Страница 20 из 21
Эта гравюра Голциуса считается большой редкостью (аукционная стоимость от 25 до 30 тыс. евро), она в Эрмитаже имеется в единственном экземпляре и только в описанном мною альбоме, в основное собрание гравюр Голциуса не вошла и опубликована не была. Когда я впервые на неё наткнулся, то был почти что в положении Голциуса, гравировавшего рисунок Барентсена до свой итальянской поездки. В Венеции я побывал тогда только один раз, провёл в ней три безумных поверхностных дня, и Каннареджо знал лишь приблизительно. Тем не менее панорама, глянувшая на меня с блёкло-голубых страниц альбома, тут же заставила меня вспомнить о виде на лагуну с Фондамента Нуове, так как на гравюре почти точно он и отображён, с Доломитовыми Альпами и островом Сан Микеле вдали, тогда, в XVI веке, ещё не ставшим кладбищем; только на гравюре, как это чаще всего и бывает, всё представлено в зеркальном отражении. Некое созвучие петербургскому духу и петровским ассамблеям меня поразило, гравюра стала одной из моих любимейших, и я специально отложил её для так и не состоявшейся выставки европейского маньеризма, а заодно – и в своей памяти.

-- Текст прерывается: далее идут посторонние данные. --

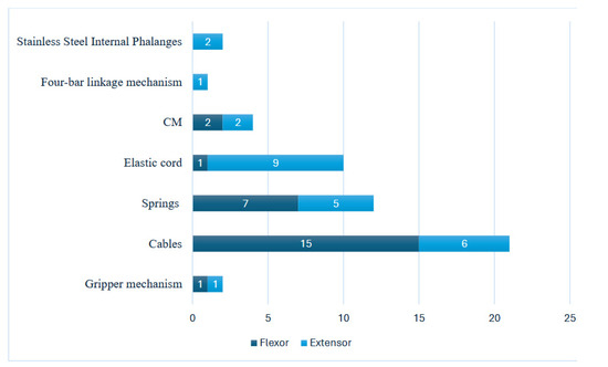 Extensor and flexor mechanisms were described in 26 out of the 35 articles reviewed. Non elastic, generally nylon, cables or cords (15) and elastic cords or bands (7) are the most commonly used methods for flexion. Other flexion mechanisms include a gripper, an innovative four-bar linkage mechanism and the stainless steel internal phalange system featured in the Victoria Hand project for the VC300 [39] and VO300 [41] models.

Теперь в Венеции, в Каннареджо, «Венецианский бал» всё время меня сопровождает. Въедаясь в историю гравюры, я узнал, что необычность сюжета всегда в ней привлекала. Было высказано предположение, что рисунок Барентсена как-то связан с торжествами по случаю прибытия в Венецию Генриха III. Любимец маменьки, королевы Франции Екатерины Медичи, Генрих, будучи лишь третьим сыном и герцогом Анжуйским, на престол своего отечества имел мало шансов, поэтому согласился стать королём Польши. Он был умён, склонен к новшествам, в юности, несмотря на маменьку, не чурался протестантизма и ввёл в моду среди мужчин двойные серьги с большими каплеобразными жемчужинами. Современники про него говорили, что он был бы хорошим правителем, если бы родился в хорошем веке, говорили также о его «дамской деликатности» и прозвали «принц Содома». Дикость Польши галльскую элегантность Генриха просто терзала, он мечтал оттуда выбраться, и мама Екатерина над этим деятельно работала – в мае 1574 года, отравленный матерью, умирает его старший брат король Карл IX (самый старший, Франциск II, процарствовал всего год, умер от внезапно открывшегося свища в ухе, опять-таки обеспеченного ему маменькой, как утверждают многие). Генриха провозглашают французским королём, присвоив ему № III, и для того, чтобы воссесть на подготовленный маменькой престол, ему приходится из Польши буквально бежать, так как поляки Генриха хоть и не любили, но и отпускать не хотели.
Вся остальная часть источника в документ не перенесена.